THE COURT: Isn't that -- but, unfortunately, I keep going back to the Ninth Circuit. We all love the Ninth Circuit. Let me get that on the record. They are always right. They keep saying, just as you've said and so articulately, is that it is the future and they have – whether they have experience with it our not, they believe this collective bargaining process is so dynamic, is so obscure that anything could be agreed to and so, therefore, you cannot project it.
I will tell you, as everybody in this courtroom knows, I wanted this resolved today. I didn't -- maybe the exception makes the rule with the Ninth Circuit. I definitely didn't care for that decision. But it's the only one I didn't care for forever, but we're here. We're stuck with it and I've tried?
If that is what you and the east pilots are thinking you better go back and read the T/A again.
Seniority list is done and accepted by the company.

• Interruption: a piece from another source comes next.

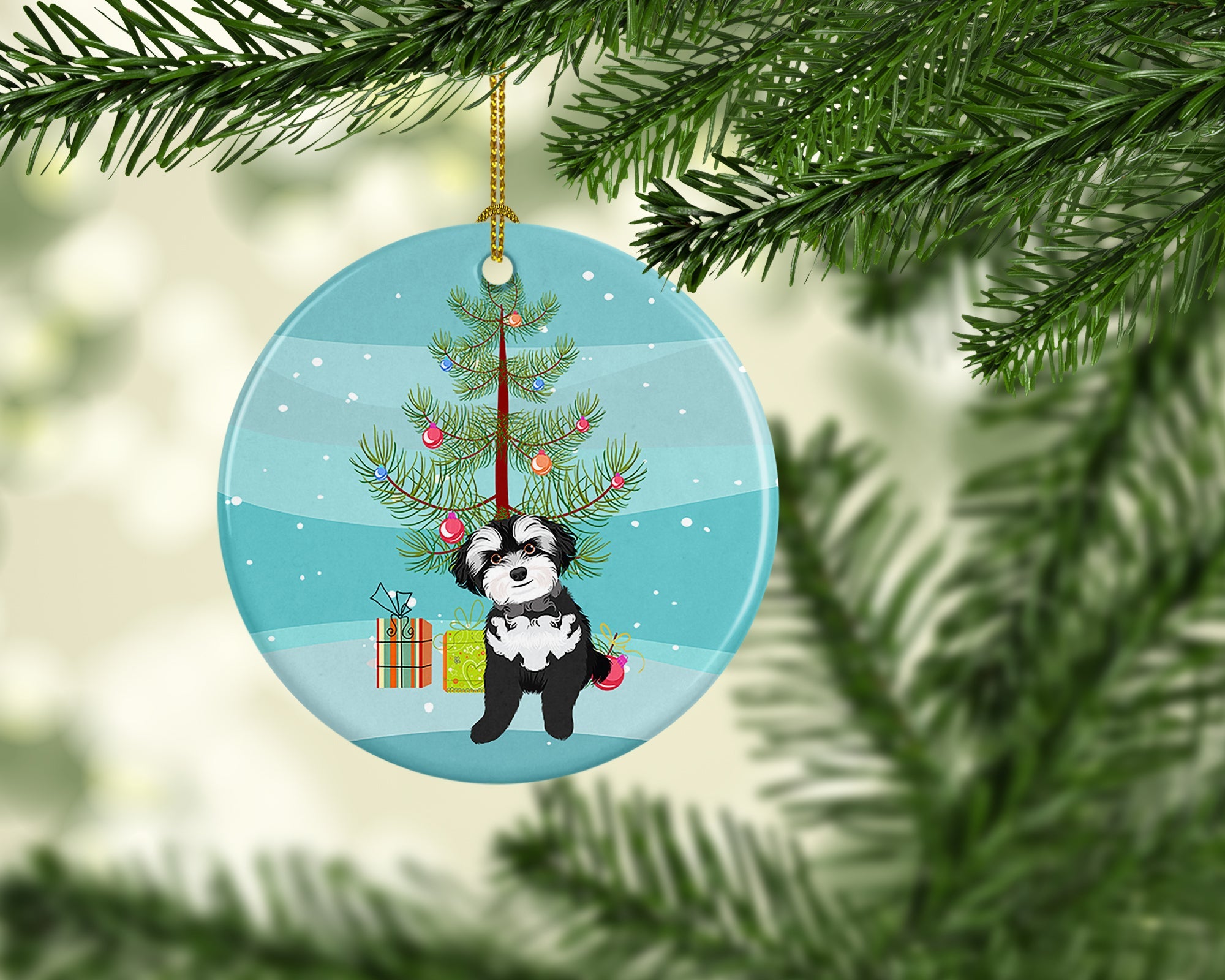 Ceramic Ornament featuring breed specific Shih Tzu artwork. Celebrate Christmas with this Christmas Ornament. Add a touch of personalized charm to your Christmas tree this holiday season with our Ceramic Ornament. Measuring 2.8125 inches in diameter, this round porcelain ornament beautifully reflects your festive lights, enhancing your holiday decor. The gloss surface sets off the vibrant, full-color artwork contributed by one of our talented artists, bringing a pop of color and joy to your tree. This Ceramic Ornament doesn't stop at being merely decorative. The white back is designed for personalization. Write a heartfelt message, mark a special year, or inscribe a date with a paint pen or a permanent marker to create a treasured memento. Please ensure you allow any personalization to dry thoroughly before handling to maintain the pristine finish. Included with the ornament is a delicate gold cord for easy hanging. Made in the USA, this Ceramic Ornament makes an exceptional gift for a pet sitter, teacher, family member, or anyone you wish to share a little Christmas magic with. With its blend of style, charm, and personal touch, it's a meaningful addition to any Christmas tree.

The T/A does not say a single agreement between east and west. It says a single agreement.
Can the MOU be considered a single agreement? It combines block hours into a single carrier and we start to work under the same rules and pay scale.
If the MOU is not passed we still need a transition agreement that would be signed by usapa for all US AIrways pilots. That would be a single agreement.
If you still want to argue that is not. We will become APA and will have a single joint agreement covering east, west and APA long before we get to seniority arbitration.
So any agreement that gets you off of LOA93 or a raise and pays the east and west the same amount is a single agreement and implements the Nicolau list.
It really is Nicolau or LOA93 for you guys.
OBE may very well be true. APA will become the bargaining agent and put an end to this for all of us. The APA has a term sheet and we will move to that agreement quickly after the merger. Parkers plan hinges on synergies of a combined carrier. He is not going let this separate ops thing happen with american.
Never never land? Really. So in your mine a joint single agreement between US Airways pilots, APA and the company is not really a single agreement. That agreement would put all US Airways pilots on the same work rules and pay scale. That agreement will happen prior to seniority integration. But you don't think that means we are now combined.You are wAAy out in legal "never, never land" with that theory! But hey, why not go with it. Could I interest you in a handful of "magic beans" for that cow?